THOUSANDS of pro-Palestinian protesters in the Netherlands on Sunday protested at the presence of the Israeli president at the opening of the country’s new National Holocaust Museum.
This comes as Israel’s killing spree against the Palestinians in Gaza is set to top 31,000.
President Isaac Herzog was in Amsterdam to open the new museum that tells the story of some of the 102,000 Jews who were deported from the Netherlands and murdered in Nazi camps, as well as the history of their persecution under German occupation during World War II, before the deportations began.
The museum “gives a face and a voice to the Jewish victims of persecution in the Netherlands,” the Dutch King Willem-Alexander said in the address at the inaugural ceremony on Sunday.
It also “shows us the devastating consequences that anti-semitism can have,” he said.
President Herzog hailed the Netherland’s initiative to create a new Holocaust museum amid rising anti-semitism around the world.

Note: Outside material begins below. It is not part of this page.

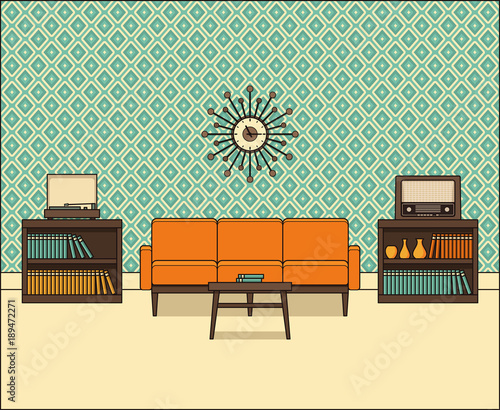 Living Room In Flat Design Retro Room Interior 60s In Line Art

“At this pivotal moment in time, this institution sends a clear, powerful statement,” Herzog said. “Remember! Remember the horrors born of hatred, anti-semitism and racism and never again allow them to flourish.”
But thousands of protesters gathered at the Waterloo Square in central Amsterdam, near the museum and the synagogue, waving Palestinian flags, chanting “never again is now” and demanding an end to Israel’s occupation of Palestinian territories and an immediate ceasefire in Gaza.
The protest leaders made it clear that they were against President Herzog’s presence, not the museum and what it commemorates.
Joana Cavaco, an anti-war activist with the Erev Rav Jewish collective, said: “How is it possible that such a sacred space is being used to normalise genocide today?”
Pro-Palestinian Dutch organisation the Rights Forum called Mr Herzog’s presence “a slap in the face of the Palestinians who can only helplessly watch how Israel murders their loved ones and destroys their land.”